AFMC Command News

Upgrades bring the AEDC 16-foot supersonic wind tunnel nozzle back to life

  • Published
  • By Deidre Moon
  • AEDC/PA

A $13 million dollar project to upgrade the nozzle drive motors for the Arnold Engineering Development Complex 16-foot supersonic wind tunnel, or 16S, at Arnold Air Force Base is complete as of early October.

While the last customer test in 16S was completed in 1997, a new investment of $60 million dollars is expected to relaunch the tunnel as an active testbed this winter after four years of restoration and modernization.

“One of the key efforts to making this happen is successfully completing the nozzle drive motor installation,” said Tyler McCamey, Future Capabilities Program manager for 16S projects. “The nozzle is one of the main features needed to operate any wind tunnel test facility.”

The contract to upgrade the nozzle was awarded in January of 2018, and members of the Propulsion Wind Tunnel, or PWT, team at Arnold are now able to finally close this chapter.

“A total of 108 new motors had to be installed on 108 jacks that move the flex nozzle,” said Will Layne, PWT electrical system engineer. “That’s 54 motors on each side – 27 motors on the top jacks and 27 motors on the bottom jacks. The checkout process has been complicated.”

Davy Ruehling, PWT instrumentation, data and controls engineer, agreed that this project has at times proved difficult.

“A lot of the equipment we’re working with is what drove the original motors that were installed in the late 1950s,” Ruehling said. “While they formerly had no way to know the torque required to turn a ball screw, short of feeling the push back from a manual hand crank, we can now control and view that and much more data on a screen.”

These motors flex the nozzle to generate supersonic speeds in 16S.

The nozzle walls are 16 feet tall, over 100 feet long and are made of steel that is an inch thick.
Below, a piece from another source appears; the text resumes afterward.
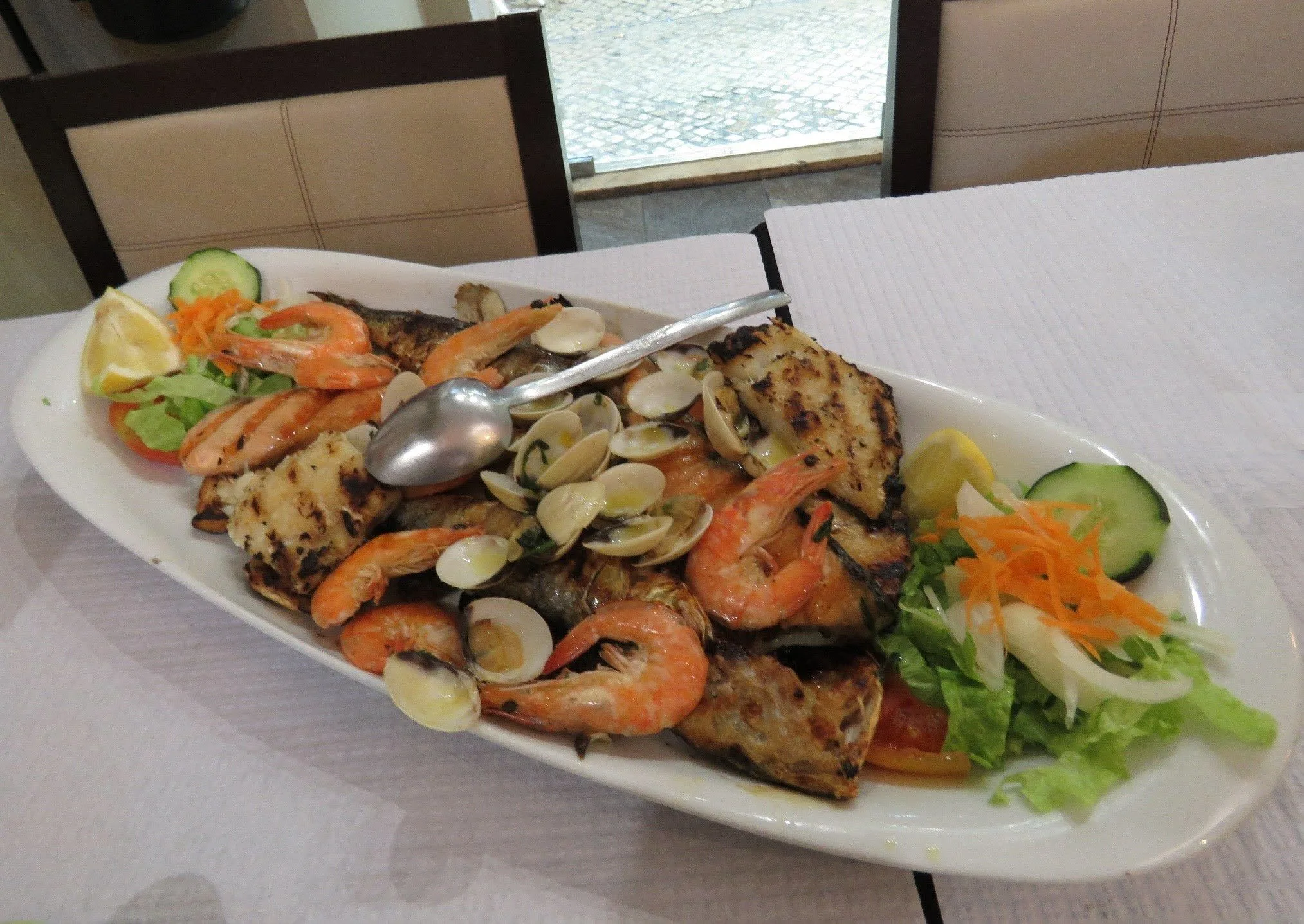 intr-un mic restaurant din apropiere, unde am savurat un urias platou cu cod (bacalhau), somon (salmão), sardine (sardinhas), scoici (conchas), creveti (camarões) precum si vin alb la pahar. Aperitivele care ne-au fost puse la inceput in fata stiam din relatarile de pe internet ca sunt contra cost, insa am dorit sa le incercam. Nu ne-au impresionat nici branzeturile si nici pasta de peste (ton respectiv sardine), asa ca ne-am inecat amarul intr-un pahar cu vin de Porto, oferit din partea casei. In drumul de intoarcere catre hotel am remarcat intre Praça do Comércio si Praça Dom Pedro IV liftul Santa Justa (elevador de Santa Justa) avand 13 m inaltime, un prim punct panoramic al orasului pe care nu am dorit sa-l incercam, anticipand ca alternativele din cartierele Bairro Alto si Alfama vor fi mult mai spectaculoase. Pentru cei interesati, taxa pentru o calatorie dus intors si accesul la punctul panoramic este de 5 euro.

They were originally designed to provide variable Mach number flow.

“To do this requires the ability to reshape the nozzle walls into different mathematical contours,” McCamey said. “It is like a huge robotic transformer that can shapeshift to provide the correct constriction and expansion of air to create supersonic flow. It is the largest tunnel in the world for these air speeds, making it a critical national asset for programs that want to test up to Mach 3.7.”

Previously, one of the biggest technical challenges for 16S was getting the nozzle to flex and achieve the desired shapes efficiently.

“Though state-of-the-art when it was designed, the nozzle used hydraulic motors for movement and tape reels to measure distances within thousandths of an inch, using an archaic control computer by today’s standards,” McCamey said. “One of the technical challenges was identifying replacement electric drive motors that can survive the harsh environment of temperature and partial vacuum inside the tunnel and that would fit a space not designed for them.”

Layne added that now that the goal is to operate the tunnel at even higher temperatures than it had once ran, part of the project included installing a cooler system.

“The old hydraulic power piping has been repurposed to now become the cooling lines for the new motors,” he said.

Another challenge for the 16S team has been learning how to get the nozzle to move in such a way that the metal wall doesn’t become overstressed. From a computing technology standpoint, it was a significant technical challenge to get over 100 motors to simultaneously interface with a central control computer from the 1980s. This same computer will be used for the initial relaunch of the facility, though it is planned to be replaced as part of a follow-on project.

“This project has been an exercise in laying new technology on top of 70-year-old hardware that is still capable of providing test conditions for state-of-the-art aeronautics,” McCamey said. “During the commissioning phase, the team has witnessed the most efficient and reliable nozzle movements the facility has ever accomplished. It is a demonstration by AEDC that we can keep our assets on the cutting edge by wisely leveraging upgrades to the historical investments.”